8.      Connect Service Terms


8.1 Where the Customer’s Selected Subscription Plan includes the Connect Service, the Customer is deemed to accept this clause 8 in addition to all other Terms in this Agreement.

8.2 The Customer agrees that the Customer:

a. May only provide access to the SaaS, to third parties as Connect End-Users where those third parties are independent of the Customer, and in accordance with any other policies or procedures notified by SuiteFiles from time to time;

b. Is responsible for ensuring that all Connect End-Users are aware of and comply with the terms of this Agreement as if they were party to this Agreement;

c. Is responsible for all access and use of the SaaS by any Connect End-User, including any Data or other content uploaded to the SaaS by any Connect End-User;

d. Must ensure that each Connect End-User keeps all login details for the SaaS confidential and does not share its login details;

e. Must ensure that each Connect End-User complies with all applicable laws, and only uses the SaaS and any Data and other content available in the SaaS for the purpose for which the Customer has provided the Connect End-User with access to the SaaS, in accordance with this Agreement; and

f. Is responsible for ensuring that each Connect End-User is entitled to, and has all appropriate consents in order to, upload any Data to the SaaS, and is entitled to permit SuiteFiles to use and process that Data in accordance with this Agreement.

8.3 The Customer accepts that it is responsible for monitoring the access and use of the SaaS by all Connect End-Users, and ensuring that such access and use complies with this Agreement;

8.4 Any non-compliance by a Connect End-User is deemed to be a breach by the Customer of the Agreement and the Customer will be liable for that breach accordingly.

8.5 SuiteFiles may suspend any Connect End-Users access to the SaaS at any time if SuiteFiles considers it necessary to ensure compliance with this Agreement or any applicable law.

9.      Digital Signing Service Terms


9.1 Where the Customer’s Selected Subscription Plan includes the Digital Signing Service, the Customer is deemed to accept this clause 9, in addition to all other Terms in this Agreement.

9.2 SuiteFiles’ only role is to provide the Service.

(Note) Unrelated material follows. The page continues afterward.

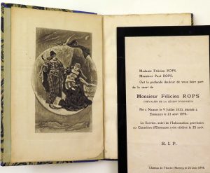 in-12 (qqs min. rouss., petit accroc au frontisp.), bradel demi-toile bleue, dos lisse titré or. Non coupé. Edition originale. Un des qqs ex. sur japon feutré, avec le frontisp. sur vergé avant le nom de l'éditeur. Ref. Rouir 561 et III, p. 691. Vicaire V-673. Joint : Du Laurens, Henri-Joseph - Histoire de la Sainte Chandelle d'Arras. Réimpression textuelle (...). [Frontisp. par F. Rops]. Bruxelles, Kistemaeckers, [1880], in-12 (min. piq. sur le frontisp.), bradel papier décoré (dos part. détaché), couv. et dos cons. 1/250 (sur 300) non n. sur papier teinté, avec le frontisp. sur vélin. Ref. Rouir 549 et III, p. 691. - Faire-part de décès de F. Rops (9/7/1833-23/8/1898), annoncé par sa femme et son fils (défr., plis). - Rops, Félicien - 5 héliogr. ou reprod. - [Macé, René] - L'abbé en belle humeur. Bruxelles, Gay & Doucé, 1881, in-12, bradel papier marbré, étiq. de cuir sur le dos lisse, couv. cons. Frontisp. en bistre sur chine par [Chauvet]. Ex. non justifié sur vergé. Jolie édition, texte cerné d'un filet ovale bleu. (3 vol. et 6 pcs)

SuiteFiles has no involvement in any Source File, Signed File or Service Document and accepts no responsibility or liability in respect of the content or otherwise, except to the extent of providing the Service.

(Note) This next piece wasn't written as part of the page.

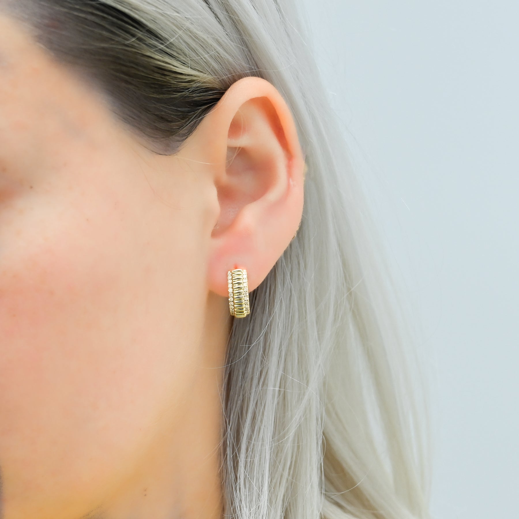 Introducing the .39ctw Diamond Fluted Center Huggie Earrings, crafted in 14K yellow gold.
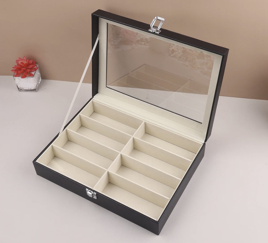 L'organisateur de lunettes est un article pratique pour ranger et organiser vos lunettes. Il s’agit de la forme la plus simple d’organisateur qui protège vos lunettes des rayures et des dommages. La couverture est en éco-cuir à l'extérieur et possède une doublure en flanelle à l'intérieur, elle possède également un fermoir pour éviter toute ouverture accidentelle. Un présentoir à lunettes est une option plus décorative qui vous permet de mettre en valeur votre collection de lunettes et d'y accéder facilement.

9.3 SuiteFiles accepts no responsibility or liability in respect of the content or otherwise of any Source File in respect of which the Digital Signing Service is used.

9.4 In no event is automated or non-manual access permitted, whether by EDI, a bot or otherwise, unless expressly approved in writing by SuiteFiles following request made by the Customer. Any such authorisation is granted or declined at the absolute discretion of SuiteFiles and if granted, may be granted on any conditions that SuiteFiles thinks fit.

9.5 The Customer warrants that the Customer has the right and authority to deal with the Source Files in the manner contemplated by the Agreement.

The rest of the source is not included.